24 października 2008

O sławy ulotności.

Zdarzyło mi się przed kilku laty być na koncercie. Był to występ kilku artystów piosenki niszowej, jednakże dość znanych w kraju. Pomiędzy nimi było spotkanie na scenie z poetą również szanowanym i niebanalnym. Słyszałem nawet, że jego wiersz był swego czasu celem interpretacji na maturze w szkołach średnich.

Prowadząca spotkanie wychwalała wszystkie dokonania poety. On czytał swoje dzieła. Po każdym odczycie zbierał liczne brawa. Nie pysznił się przy tym. Czuć było bijącą od niego skromność, ale również trudną do skrycia radość z bycia docenionym (zwykle poeci spotykają się ze swymi wielbicielami w mniejszych kameralnych salach, tu był teatr z kilkuset osobową widownią).

Spotkanie z artystą dobiegło końca zwieńczone jeszcze większym aplauzem. Poeta ukłonił się, a prowadząca zaprosiła zgromadzoną publiczność na przerwę. Zanim jednak światła przygasły, wspomniała o poczęstunku w foyer. Jednym ze sponsorów tamtego przedsięwzięcia była firma produkująca ciasteczka.

Tak jak i większość widowni wyszedłem na zewnątrz. Ludzie stali, spacerowali, rozmawiali. Po kilku chwilach spostrzegłem wychodzącego na korytarz poetę, którego mogliśmy niedawno oglądać i słuchać. Powolnym krokiem, jakby nie zauważony wmieszał się w tłum. Jako, że nie rozmawiał z nikim, postanowiłem skorzystać z okazji i zamienić z nim kilka słów, więc skierowałem do niego swoje kroki.

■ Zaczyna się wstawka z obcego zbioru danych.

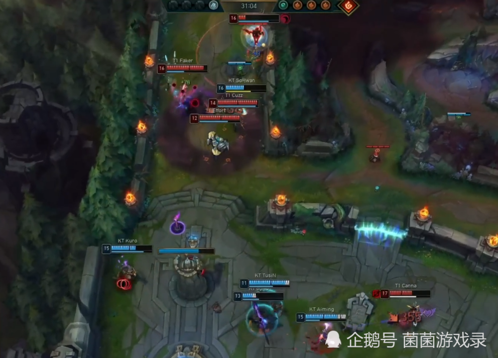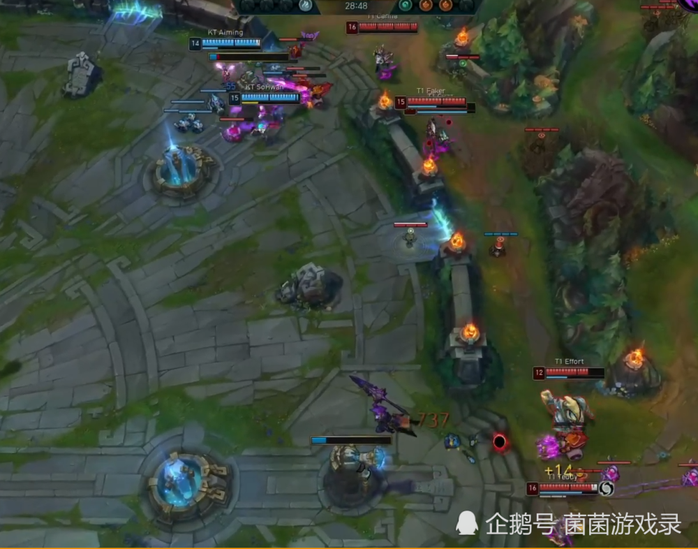 中期皇子想找机会打开局面,继续去下路抓,但是女枪被泰坦率先钩勾中,被秒掉了,皇子和锤石不得不撤退,传送下来的阿卡丽没人救也被击杀了,皎月再次拿到人头,前中期的KT实在是太难了。

Nie było mi dane jednak dotrzeć do niego. W pewnym momencie drzwi się otwarły i do pomieszczenia w którym przebywaliśmy weszły dwie hostessy z tacami na których leżały obiecane ciasteczka. W tym momencie większość dostojnych, jakby się wydawało do tej pory, pań o słusznej tuszy i panów w garniturach rzuciło się na te specjały niczym wygłodniałe zwierzęta. Walka była krótka, aczkolwiek dość zacięta. Pomiędzy walczącymi, mimo że specjałami nie zainteresowany, znalazł się nasz poeta, nota bene niewielkiej postury. Przez chwilę wydawało mi się, że wygląda jak bezradny, nikomu niepotrzebny kawałek drewna obijany w kipieli wodospadu. Ledwo utrzymał się na nogach. Na twarzy zawitała nieporadność i strach.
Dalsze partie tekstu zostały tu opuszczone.